INSTRUCTIONS TO FOLLOW
Could you transcribe the records below exactly, leaving out every picture?

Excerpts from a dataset
◆ ◆ ◆ ◆

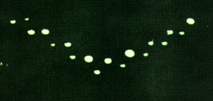 Let us consider the series of Hart photos, one image of which is shown in Figure 1. (Standard high-quality scans of the Lubbock Lights photos can be downloaded from a number of reputable Web sites. I have used high-resolution scans that take well to "zooming in" without the image breakup characteristic of lesser-quality scans.) After Air Force investigators interviewed the young photographer in Lubbock beginning in September 1951, the photo images were examined by analysts at the Air Technical Intelligence Center (ATIC) at Wright-Patterson Air Force Base in Ohio. ATIC's own findings are useful here. (For an account of the center's work, see Brad Steiger, ed., Project Blue Book: The Top Secret UFO Findings Revealed, Ballantine Books, 1976, pp. 99-100.) It determined that the image size (of the whole wing formation of 18 objects) was 0.12 inches across on the negative, and that from the camera's focal length of 2 inches, the ratio 0.12" / 2" yielded an angular size of 0.06 radians (roughly 3.4°) for the whole group of 18 objects in the sky (in comparison, the moon subtends 0.5°). ATIC further concluded, in effect, that for every mile (5,280 feet) that the lights were distant from the camera, the size of the wing would have been 0.06 x 5,280 = 316.8 feet. (ATIC actually said 310 ± 30 feet.) This only establishes a relation between size and distance from the camera. For example, if the objects had been two miles from the camera, the wing would have been twice as far across, or about 630 feet. But we can do better than that, with some added information.
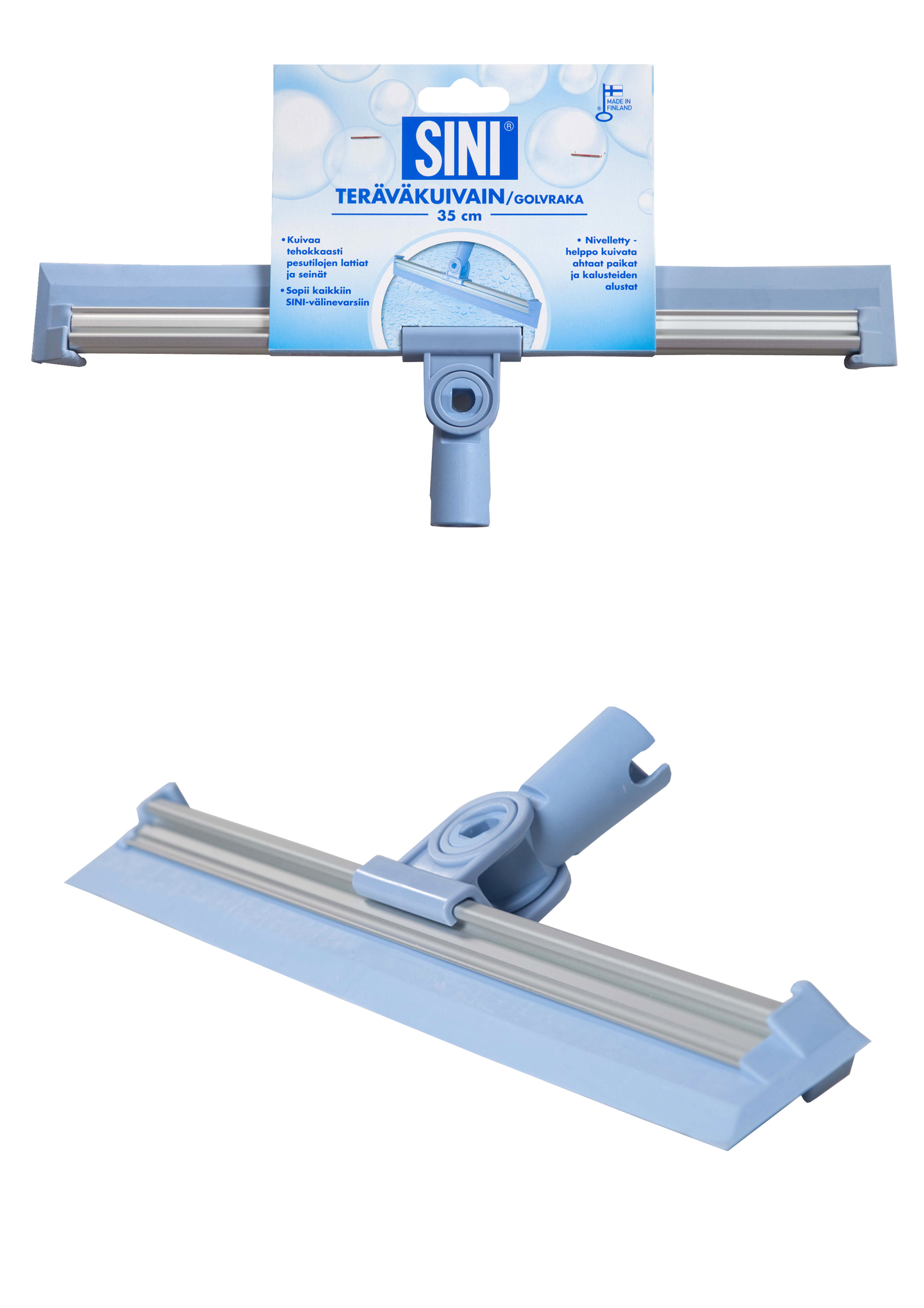 Liitä teräväkuivain SINI-varteen ja kuivaa pesuhuoneen lattiat ja seinät ilman kumartelua tai kurkottelua. Näppärä teräväkuivain taipuu kalusteiden alle ja mahtuu ahtaisiinkin paikkoihin kääntyvän nivelen ansiosta.
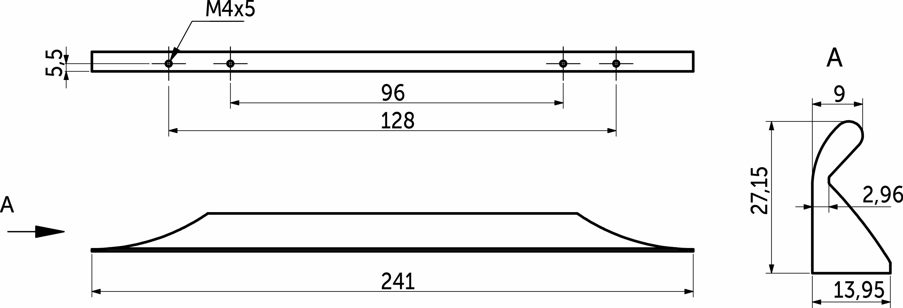 Размер 96 и 128 мм под сверление, общая длина 241мм.
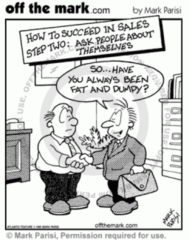 Sales Faux Pas Salespeople are supposed to ask their clients about themselves, so a man asks if his client has always been fat and dumpy.
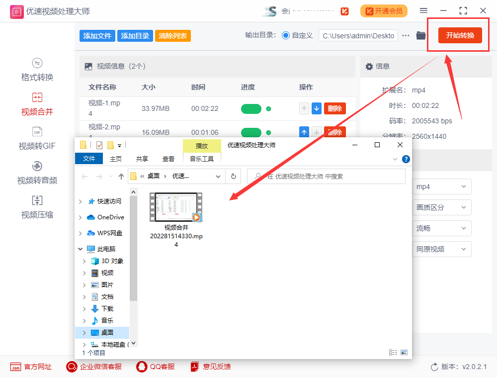 流程三:最后点击右上的红色“开始转换”按钮,视频开始合并。合并完成后在系统自动弹出的输出文件夹中可查看合并后的视频文件;
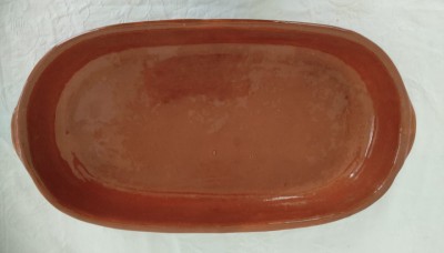 GRANDE E PESADA TRAVESSA OVAL EM CERÂMICA - 7 X 52 X 27 CM - BEM CONSERVADA.
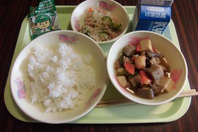 今日のメニューは、水俣二小のリクエストメニューでした。水俣市の特産物であるサラ玉やちりめんじゃこを使ったものでした。カレーには、サラ玉がたっぷり入っていて甘みとコクがありおいしかったです。
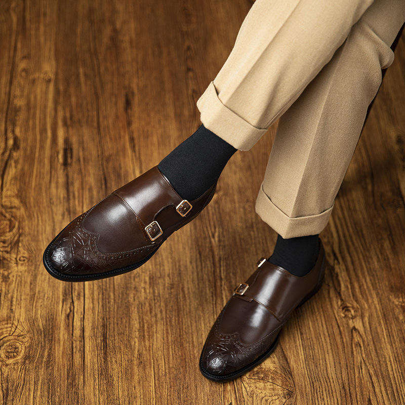รองเท้าหนังแท้สไตล์อังกฤษใหม่ ปี 2025 - รองเท้าทรงอ็อกซ์ฟอร์ดหัวมนแบบเรโทร ลายปักลายนูน พร้อมสายรัดแบบ Monk Strap สำหรับผู้ชาย สไตล์หรูหราสำหรับงานทางการ
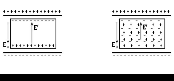 Лекция II. Электрическое поле в веществе. Уравнений Максвелла недостаточно, чтобы найти поля по данным распределениям зарядов и токов. Их необходимо дополнить так называемыми материальными уравнениями, которые характеризуют свойства среды. Для этого рассмотрим сначала электрическое поле в веществе. Поместим в электрическое поле плоского конденсатора металлическую пластинку (рис.35). Очевидно, свободные электроны соберутся на поверхности металла вблизи положительно заряженной пластины конденсатора. Поверхность проводника вблизи отрицательно заряженной пластины окажется положительной. Электроны будут двигаться до тех пор, пока результирующее поле Е не станет равным нулю Е + Е ¢ = 0,
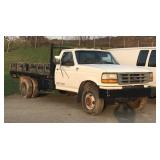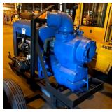 1992 FORD FLATBED DUEL WH. TRUCK, COMMERICAL GASOLINE DRIVEN PUMP ON CART W/ WHEELS.
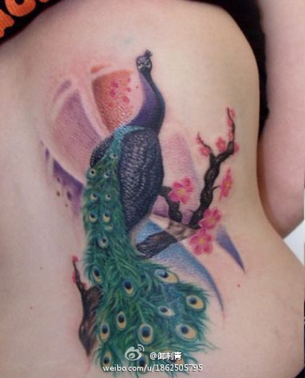 美女腰部漂亮潮流的孔雀纹身图案_腰部纹身图案大全_纹身图吧

◆ ◆ ◆ ◆

ANSWER FOR THE TASK
 Let us consider the series of Hart photos, one image of which is shown in Figure 1. (Standard high-quality scans of the Lubbock Lights photos can be downloaded from a number of reputable Web sites. I have used high-resolution scans that take well to "zooming in" without the image breakup characteristic of lesser-quality scans.) After Air Force investigators interviewed the young photographer in Lubbock beginning in September 1951, the photo images were examined by analysts at the Air Technical Intelligence Center (ATIC) at Wright-Patterson Air Force Base in Ohio. ATIC's own findings are useful here. (For an account of the center's work, see Brad Steiger, ed., Project Blue Book: The Top Secret UFO Findings Revealed, Ballantine Books, 1976, pp. 99-100.) It determined that the image size (of the whole wing formation of 18 objects) was 0.12 inches across on the negative, and that from the camera's focal length of 2 inches, the ratio 0.12" / 2" yielded an angular size of 0.06 radians (roughly 3.4°) for the whole group of 18 objects in the sky (in comparison, the moon subtends 0.5°). ATIC further concluded, in effect, that for every mile (5,280 feet) that the lights were distant from the camera, the size of the wing would have been 0.06 x 5,280 = 316.8 feet. (ATIC actually said 310 ± 30 feet.) This only establishes a relation between size and distance from the camera. For example, if the objects had been two miles from the camera, the wing would have been twice as far across, or about 630 feet. But we can do better than that, with some added information.
 Liitä teräväkuivain SINI-varteen ja kuivaa pesuhuoneen lattiat ja seinät ilman kumartelua tai kurkottelua. Näppärä teräväkuivain taipuu kalusteiden alle ja mahtuu ahtaisiinkin paikkoihin kääntyvän nivelen ansiosta.
 Размер 96 и 128 мм под сверление, общая длина 241мм.
 Sales Faux Pas Salespeople are supposed to ask their clients about themselves, so a man asks if his client has always been fat and dumpy.
 流程三:最后点击右上的红色“开始转换”按钮,视频开始合并。合并完成后在系统自动弹出的输出文件夹中可查看合并后的视频文件;
 GRANDE E PESADA TRAVESSA OVAL EM CERÂMICA - 7 X 52 X 27 CM - BEM CONSERVADA.
 今日のメニューは、水俣二小のリクエストメニューでした。水俣市の特産物であるサラ玉やちりめんじゃこを使ったものでした。カレーには、サラ玉がたっぷり入っていて甘みとコクがありおいしかったです。
รองเท้าหนังแท้สไตล์อังกฤษใหม่ ปี 2025 - รองเท้าทรงอ็อกซ์ฟอร์ดหัวมนแบบเรโทร ลายปักลายนูน พร้อมสายรัดแบบ Monk Strap สำหรับผู้ชาย สไตล์หรูหราสำหรับงานทางการ
 Лекция II. Электрическое поле в веществе. Уравнений Максвелла недостаточно, чтобы найти поля по данным распределениям зарядов и токов. Их необходимо дополнить так называемыми материальными уравнениями, которые характеризуют свойства среды. Для этого рассмотрим сначала электрическое поле в веществе. Поместим в электрическое поле плоского конденсатора металлическую пластинку (рис.35). Очевидно, свободные электроны соберутся на поверхности металла вблизи положительно заряженной пластины конденсатора. Поверхность проводника вблизи отрицательно заряженной пластины окажется положительной. Электроны будут двигаться до тех пор, пока результирующее поле Е не станет равным нулю Е + Е ¢ = 0,
 1992 FORD FLATBED DUEL WH. TRUCK, COMMERICAL GASOLINE DRIVEN PUMP ON CART W/ WHEELS.
 美女腰部漂亮潮流的孔雀纹身图案_腰部纹身图案大全_纹身图吧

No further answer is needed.